In at least two surviving letters of correspondence between Sergio Milliet (then in Paris) and Mário de Andrade, the latter demonstrates his concern for Anita, in her Parisian internship. In the first, dated August 1924, he seems to comment with dismay on something Milliet had written about her friend: “And Anita? What you all tell me about her horrifies me. Is she really lost? I still have hope[28]. On December 10 of the same year, Mário vents, apparently referring to Sérgio himself and Oswald: “Oswald is in Paris. Have you seen it? I think you are a little unfair to Anita. She sent me an excellent drawing and sketches of several new compositions. Excellently well built”[29]. Trying to convince Milliet about the qualities of her friend's production, Mário, rather, seems to intend to convince himself about the relevance of the paths that Anita then followed.

***

After the 1917 exhibition, Anita's interest in tradition led her to study with the conservator Pedro Alexandrino. Highlighting the continuity of this interest, when she arrived in Paris in 1923, for some time she managed to be guided by Maurice Denis, an artist who began his career at the end of the XNUMXth century in the group of nabis, and who, in the early 1920s, dedicated himself to decorative and religious painting.

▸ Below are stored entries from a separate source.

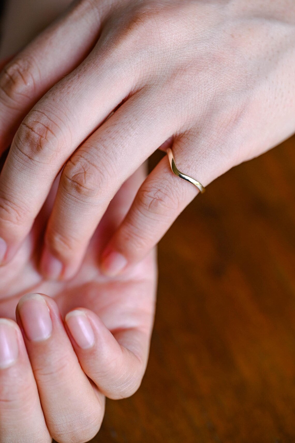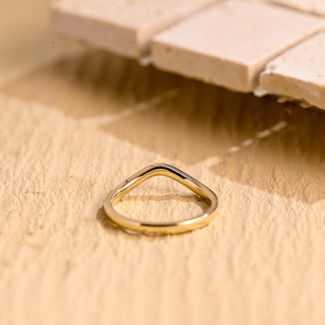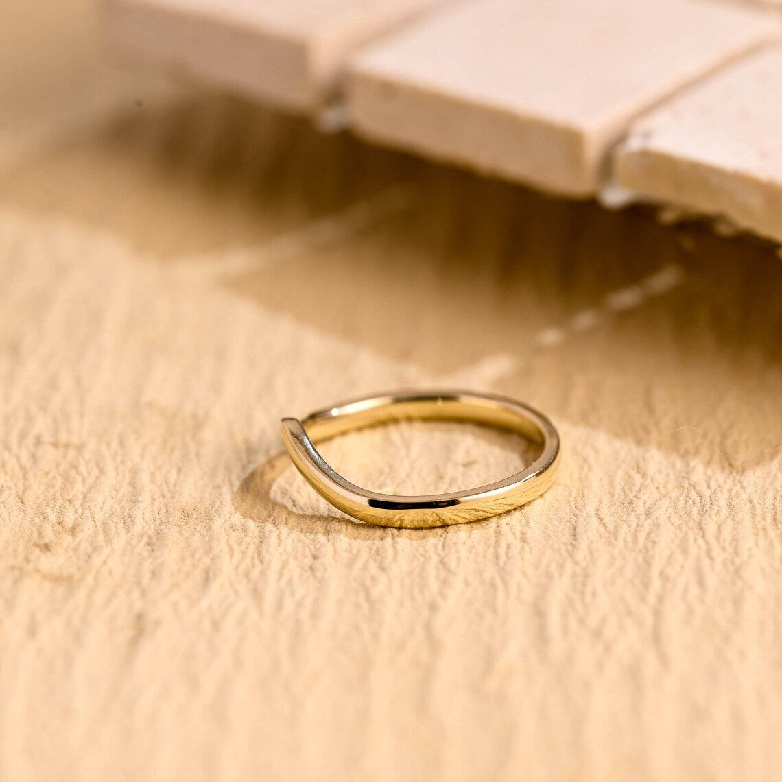 14K Solid Yellow Gold Plain Curved Wedding Band
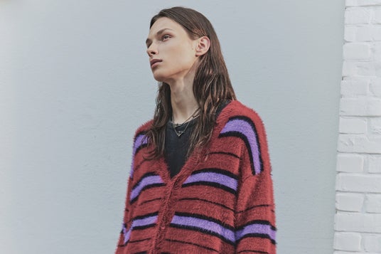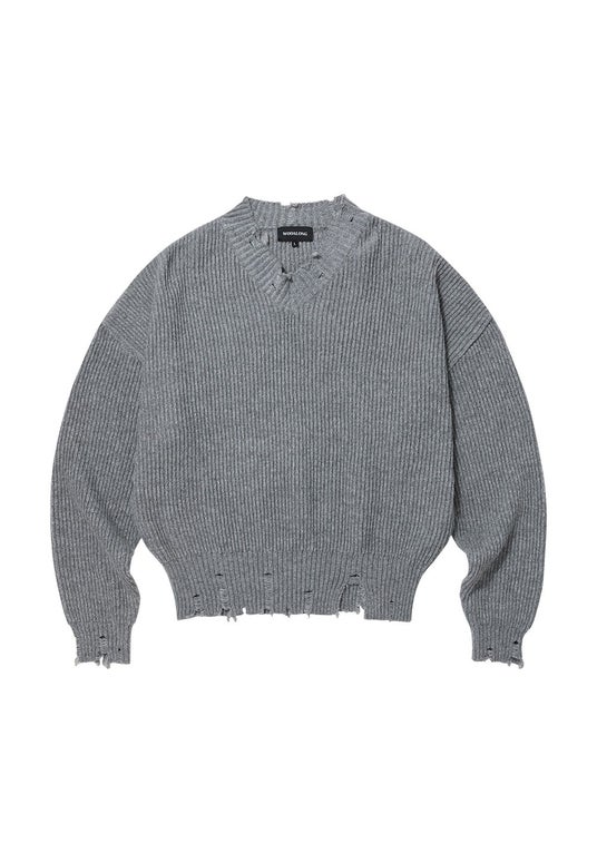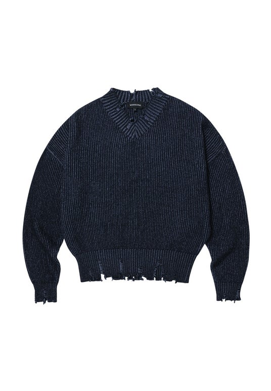 ゆったりとしたシルエット、Vネックですっきりとした首回りと、リブのダメージ加工のバランスを取ったアイテム
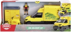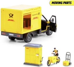 Descubre el realista set de mensajería con licencia de DHL y vehículo VOLVO de Dickie Toys. El set ofrece efectos de luz y sonido, puertas abatibles, una figura de mensajero, paczkomat/box de paquetería, bicicleta y accesorios para un juego imaginativo. Ideal para desarrollar la creatividad, la motricidad fina y el pensamiento lógico de los niños.
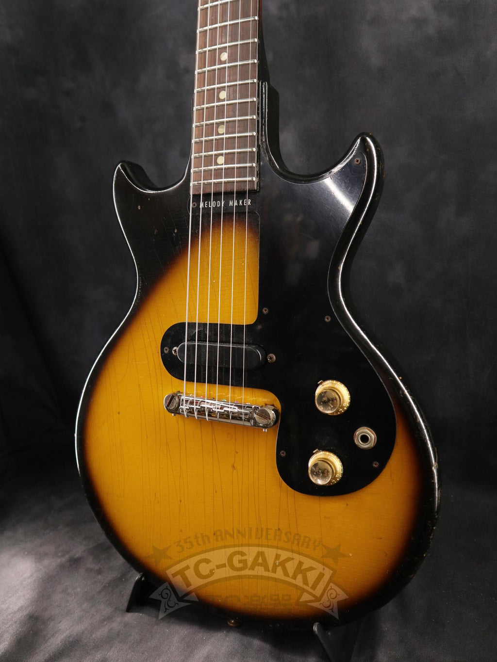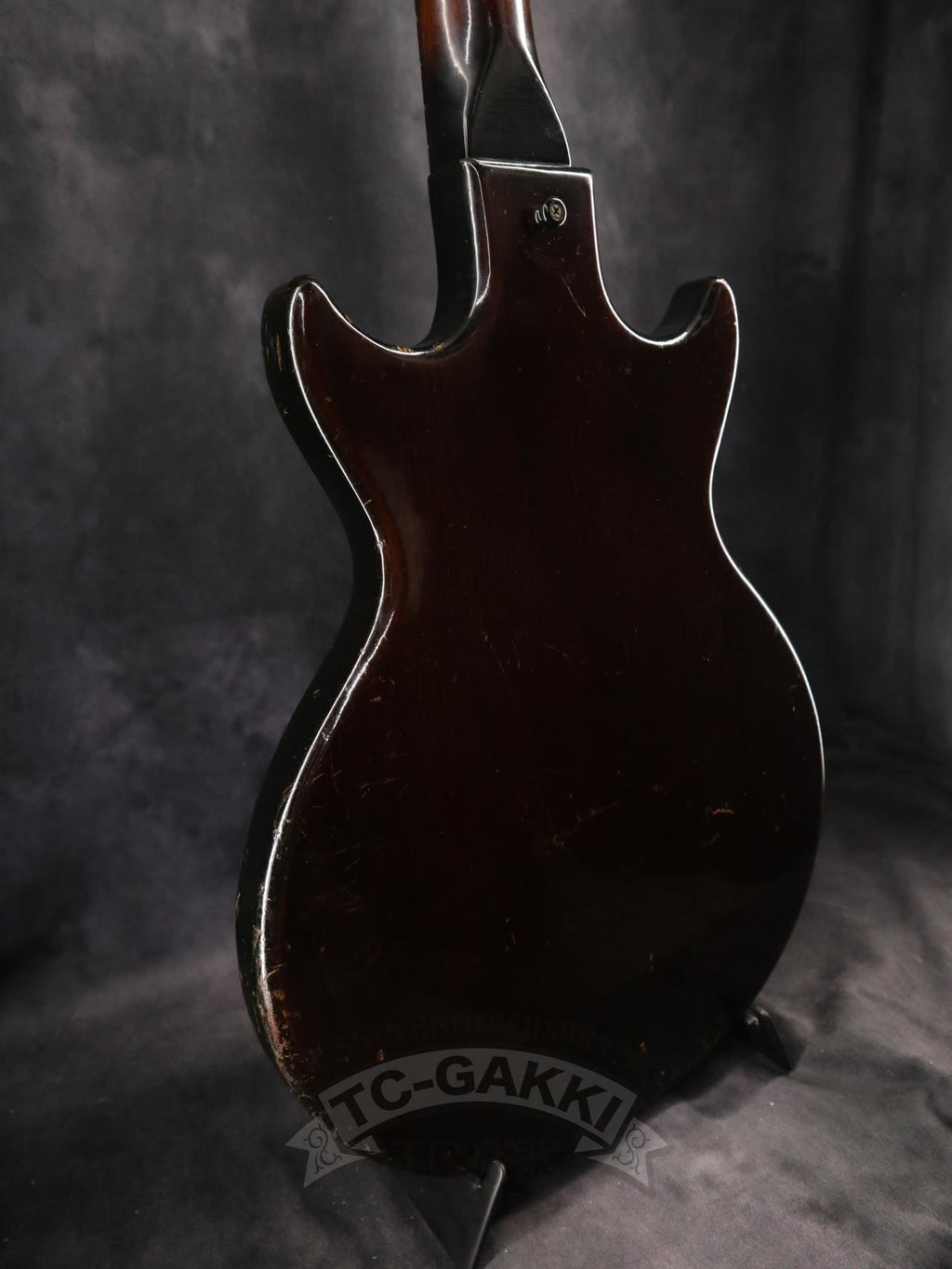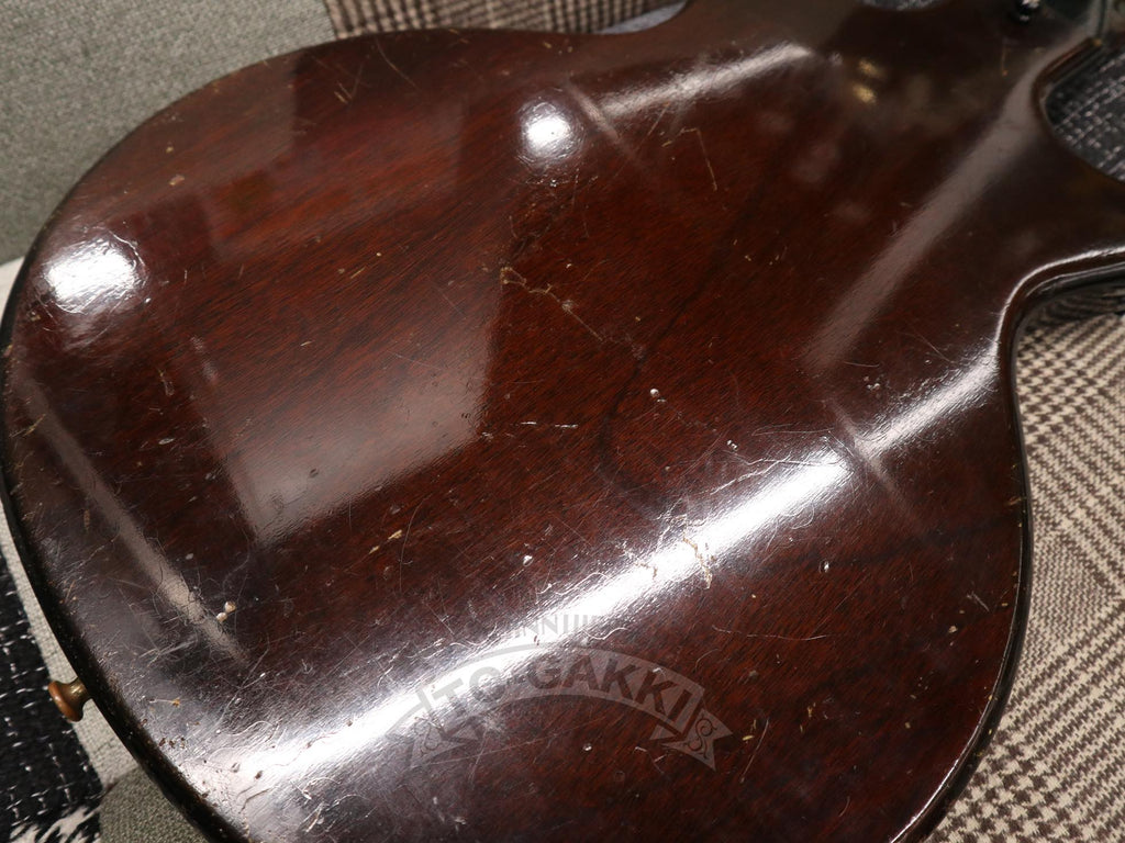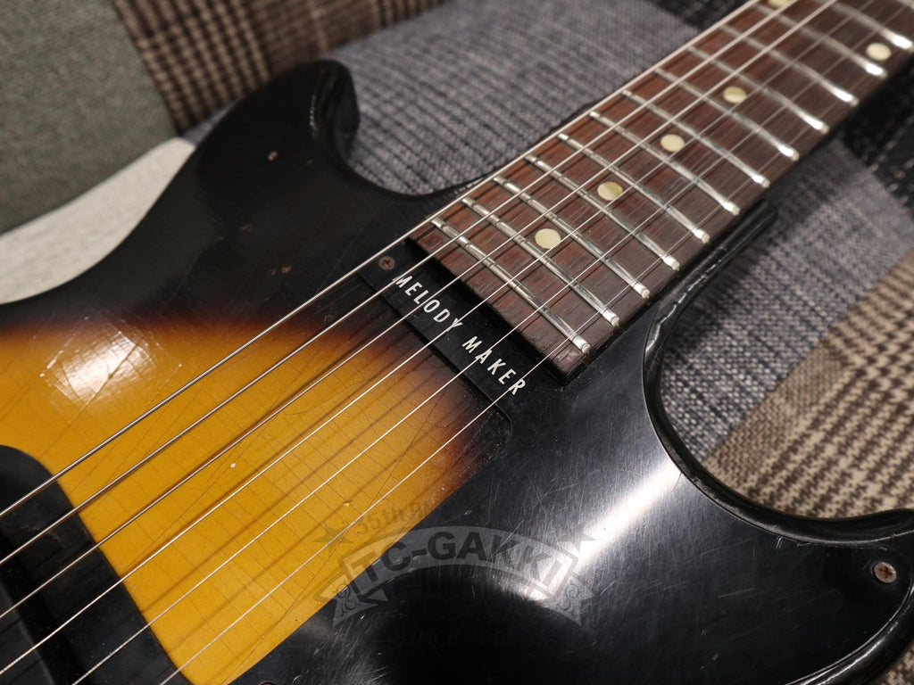 【SPEC.】 바디: 마호가니 더블 컷어웨이 넥: 마호가니 22프렛 (16프렛 조인트) 핑거보드: 브라질 로즈우드 픽업: 멜로디 메이커 싱글 코일 x1 너트 너비: 43mm 스케일: 24.75” 무게: 2.74kg 소프트 케이스 포함 ※프렛, 너트, 페그 교체됨 ※넥 조인트 부분에 목재 결손 있음

One of the most interesting painters to emerge in France at the end of the XNUMXth century, Denis – taking as his initial parameter the work of the now little-studied painter, also French, Puvis de Chavannes –, developed a production that radically explored color and the planar dimension of painting. Also at the end of the century, Denis already expressed an interest in exploring the great tradition of primitive Italian art.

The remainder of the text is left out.